I laughed at Tony and from sheer happiness at thinking that my father
was going with us in the fine company of the Colonel and Miss
Priscilla. I wonder what we would do, if we had to have somebody go to
places with us who thought they had to chaperon us? Miss Prissy is
just one of us and would go if we had to ask somebody like Belle's
mother, for instance, who is always talking about chaperons, to go
also.

As I have remarked before, Byrdsville is a very different place from
most of the world, and I thank God that he led me to it and "made me
to lie down in its green pastures, beside its still waters." I found
that in the Bible the other night, and it fitted me and Byrdsville.
Good-night, Louise!

Of course when I grow up I shall have many things happen to me, like
graduating from Byrdsville Academy, marrying, and being president of
clubs, and going to balls and theaters in the city, if I have to; but
there will never be a night like this one of my sixteenth birthday,
April twenty-second.

Miss Priscilla Talbot was the first slice out of the happiness
birthday cake when we met down at her house to get into the wagon. I
can never have things here at my home like that, because of the
precious sick thing upstairs that cannot be disturbed, but who is the
core of my heart, anyway, even if she doesn't know it.

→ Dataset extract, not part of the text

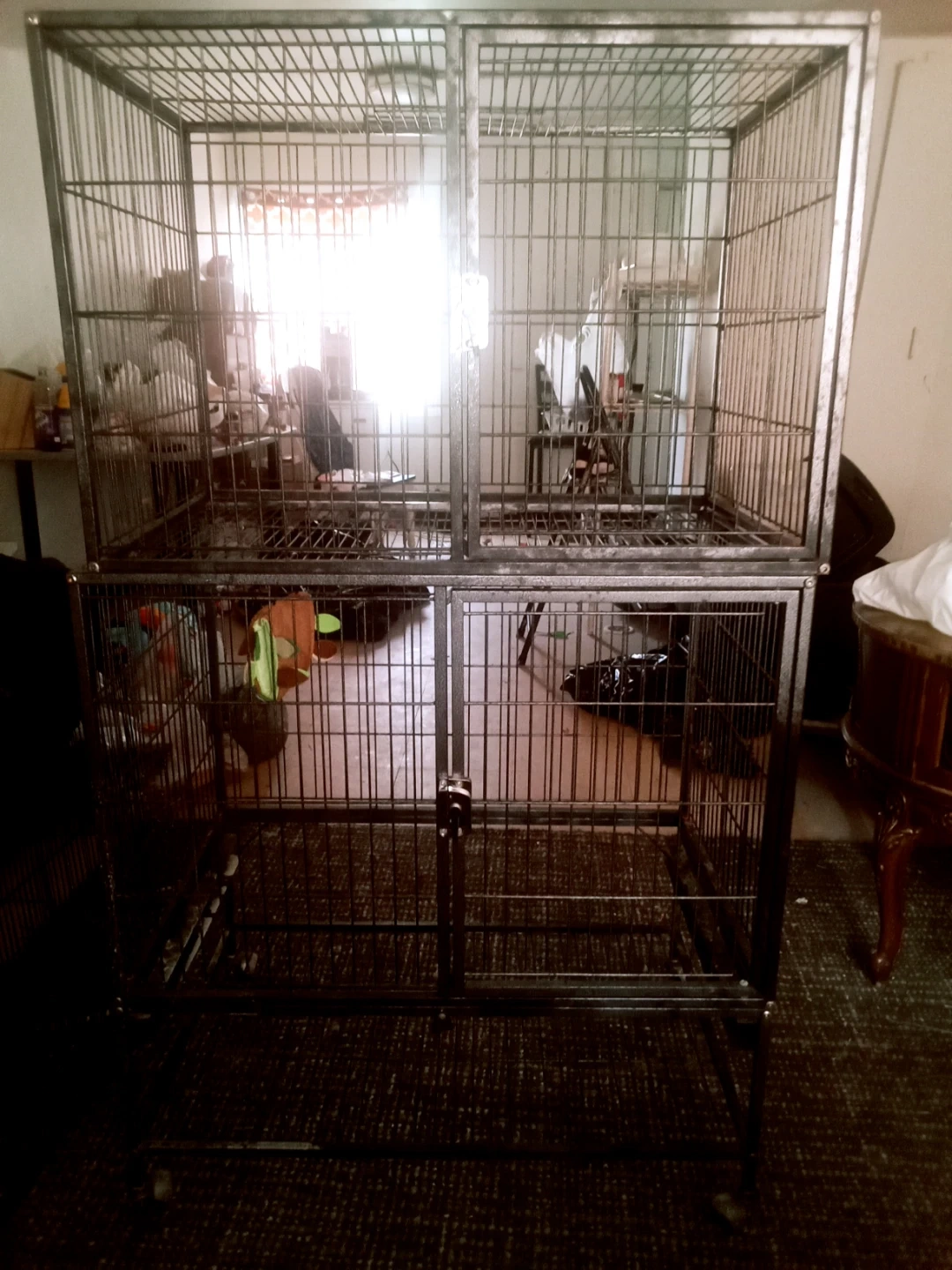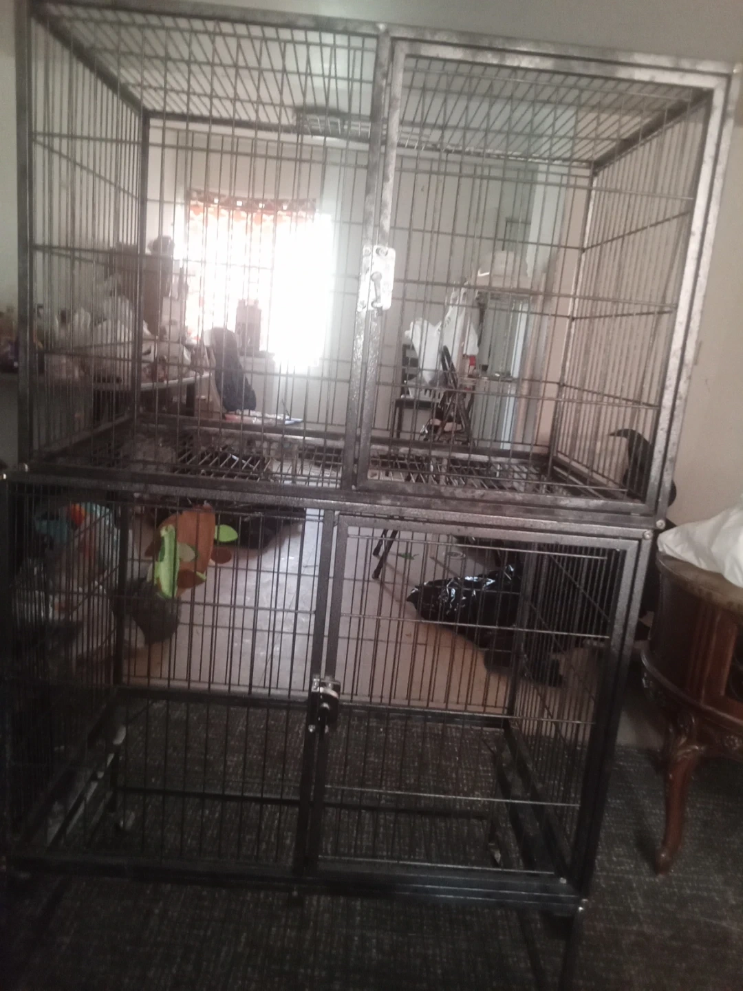 Both these cages are missing there trays the big one is also missing four screws that attach it to the bottom one but nothing to hard to replace both cages are 120 together while alone the small one is 10$

But of all astonishing things, this is what Miss Priscilla did as we
were all lined up for Father and the Colonel to help us into the wagon
on the great mound of hay, to the front of which four horses were
hitched.

"And now to start off the birthday we must each give Phyllis a kiss,
as we would do if we were blowing out the candies on the cake that is
packed in the basket; and each one whisper a wish to her, as they give
her a kiss. I will be first and the Colonel next," she said and she
bent down and kissed me and whispered: "A happy sixteenth year."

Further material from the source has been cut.